» **Data below**
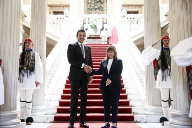 Στον σημαντικό και σταθεροποιητικό ρόλο που διαδραματίζουν Ελλάδα και Κατάρ στην ευρύτερη περιοχή μας αναφέρθηκε η Πρόεδρος της Δημοκρατίας Κατερίνα Σακελλαροπούλου υποδεχόμενη στο Προεδρικό Μέγαρο τον εμίρη του Κατάρ Σεΐχη Ταμίμ μπιν Χαμάντ αλ Θανί, ο οποίος επισκέπτεται για πρώτη φορά την Αθήνα.
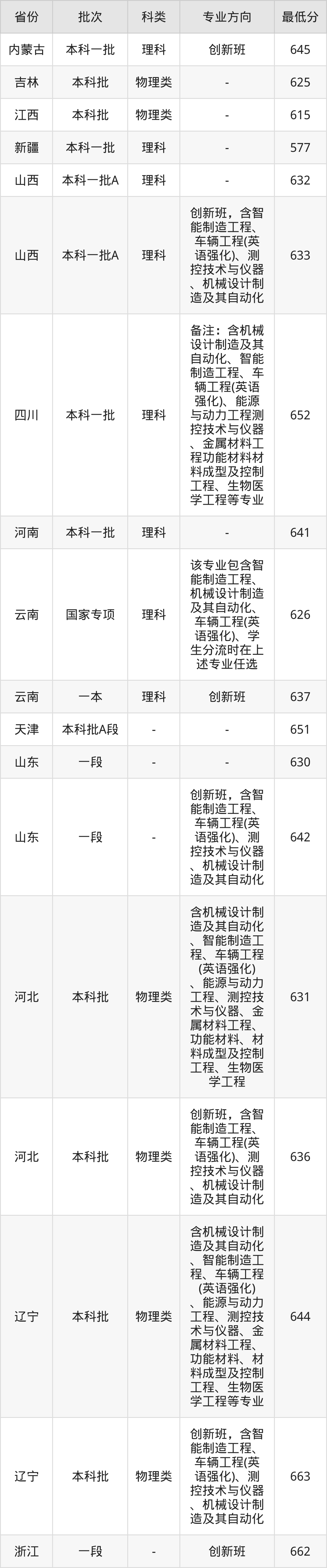 | 本科批 | 物理类 | 创新班,含智 能制造工程、 车辆工程(英 语强化)、测 控技术与仪器 、机械设计制 造及其自动化 | 663 | 1986 |
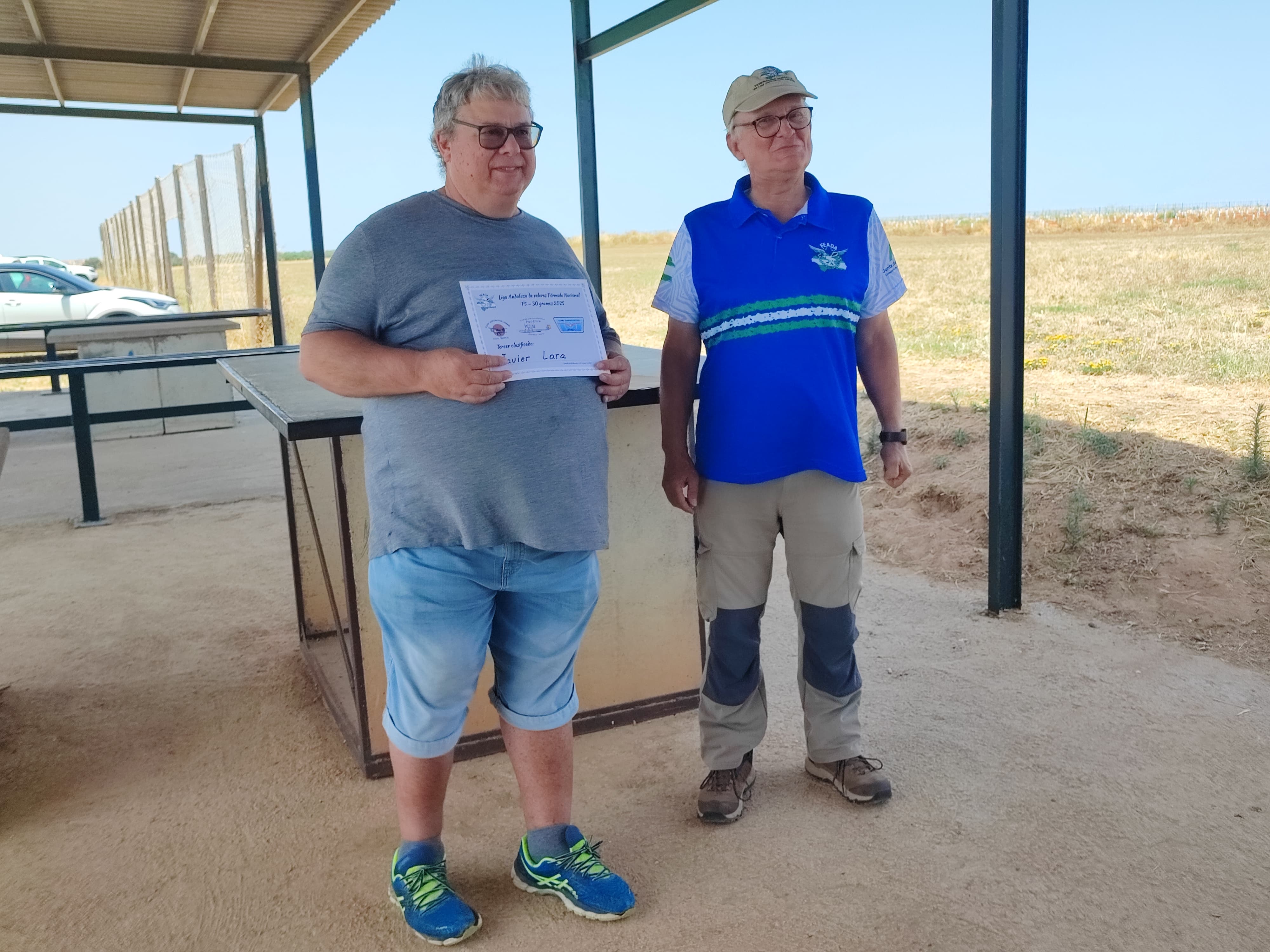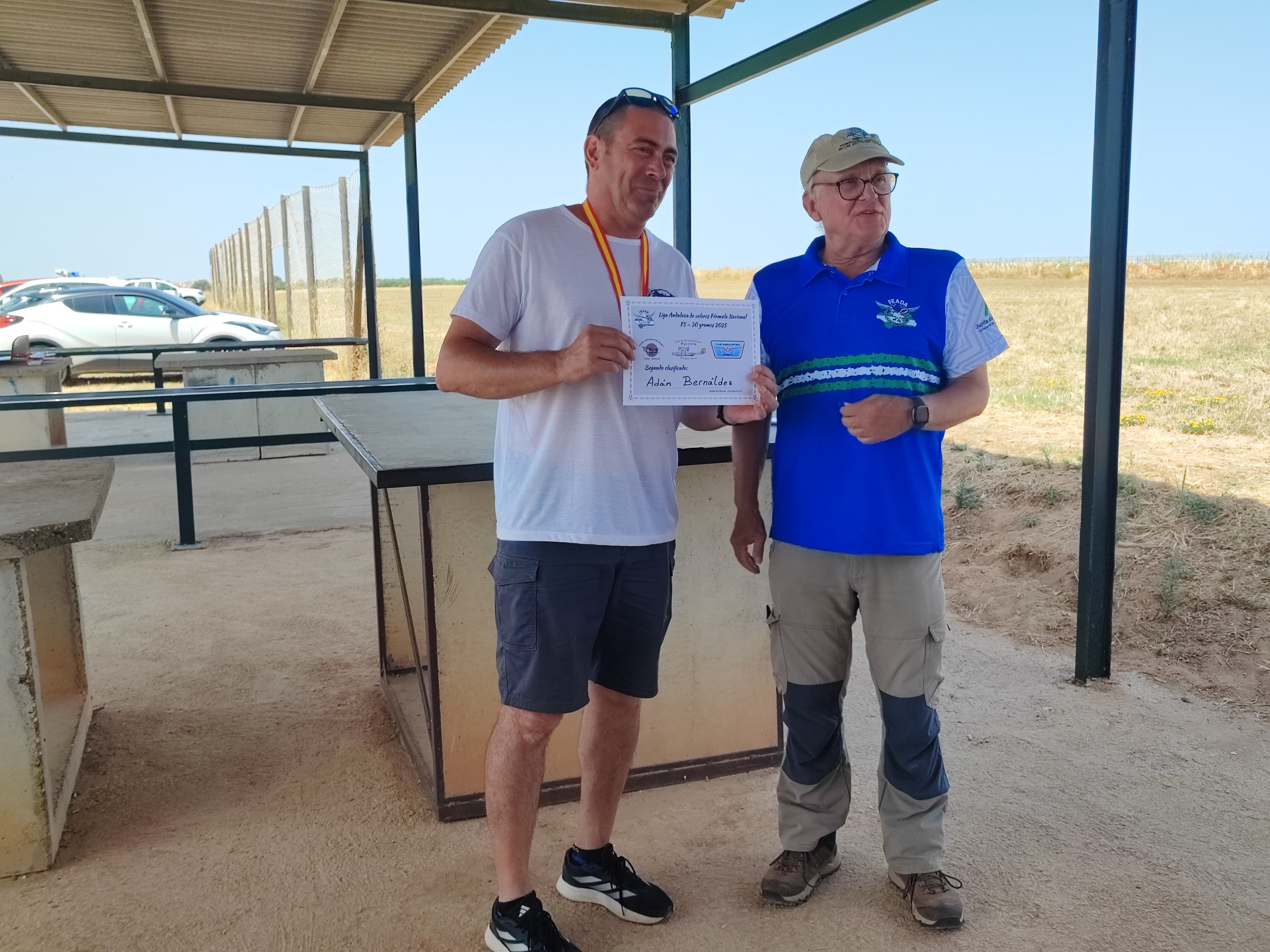 Algunos siguen pudiendo ponerse de rodillas para la foto, otros necesitan ayuda (o una silla 😉 ) todos estabamos «fresquitos» en ese momento, no se acabaría igual, alta temperatura y la falta de viento no facilitarian la estancia de pilotos y cronometradores en la pista. Menos mal que el agua, mantenida fresquita por la organización, alivió ese ‘calentón’.
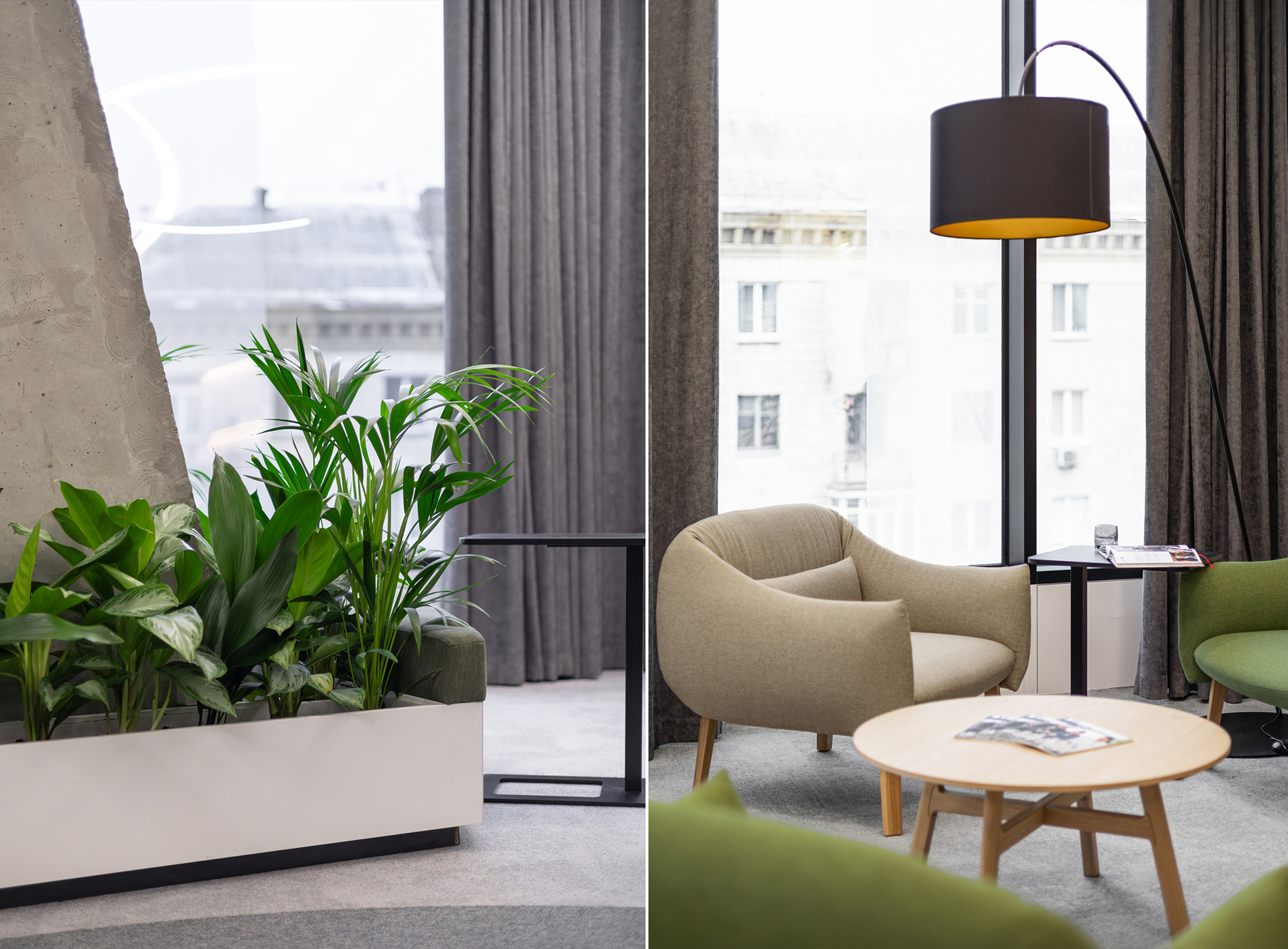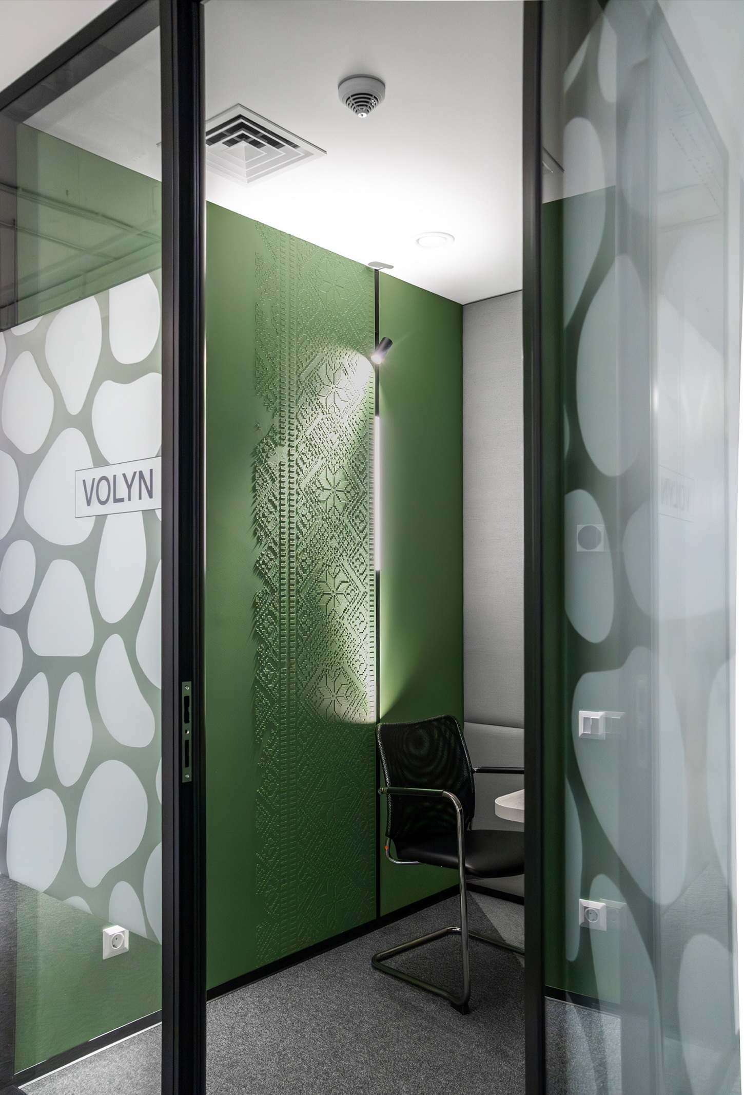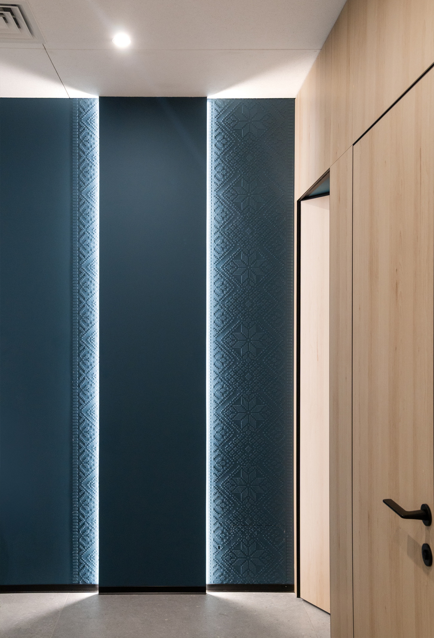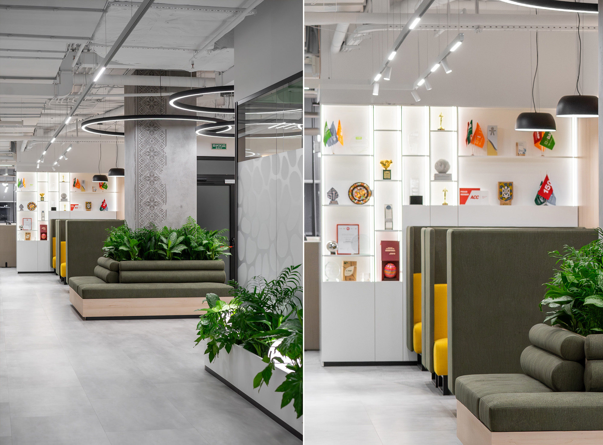 动线路径清晰合理,既确保动线顺畅亦促进自然光线分布。色彩点缀取自巴斯夫企业色系,通过织物与平面元素微妙呈现。乌克兰设计师的小型装饰细节与艺术陈设为空间注入在地语境,以含蓄笔触传递真实质感。

» **What the exercise asks**
Retype all of the data above word for word, excluding the pictures.

» **Written solution**
 Στον σημαντικό και σταθεροποιητικό ρόλο που διαδραματίζουν Ελλάδα και Κατάρ στην ευρύτερη περιοχή μας αναφέρθηκε η Πρόεδρος της Δημοκρατίας Κατερίνα Σακελλαροπούλου υποδεχόμενη στο Προεδρικό Μέγαρο τον εμίρη του Κατάρ Σεΐχη Ταμίμ μπιν Χαμάντ αλ Θανί, ο οποίος επισκέπτεται για πρώτη φορά την Αθήνα.
 | 本科批 | 物理类 | 创新班,含智 能制造工程、 车辆工程(英 语强化)、测 控技术与仪器 、机械设计制 造及其自动化 | 663 | 1986 |
 Algunos siguen pudiendo ponerse de rodillas para la foto, otros necesitan ayuda (o una silla 😉 ) todos estabamos «fresquitos» en ese momento, no se acabaría igual, alta temperatura y la falta de viento no facilitarian la estancia de pilotos y cronometradores en la pista. Menos mal que el agua, mantenida fresquita por la organización, alivió ese ‘calentón’.
 动线路径清晰合理,既确保动线顺畅亦促进自然光线分布。色彩点缀取自巴斯夫企业色系,通过织物与平面元素微妙呈现。乌克兰设计师的小型装饰细节与艺术陈设为空间注入在地语境,以含蓄笔触传递真实质感。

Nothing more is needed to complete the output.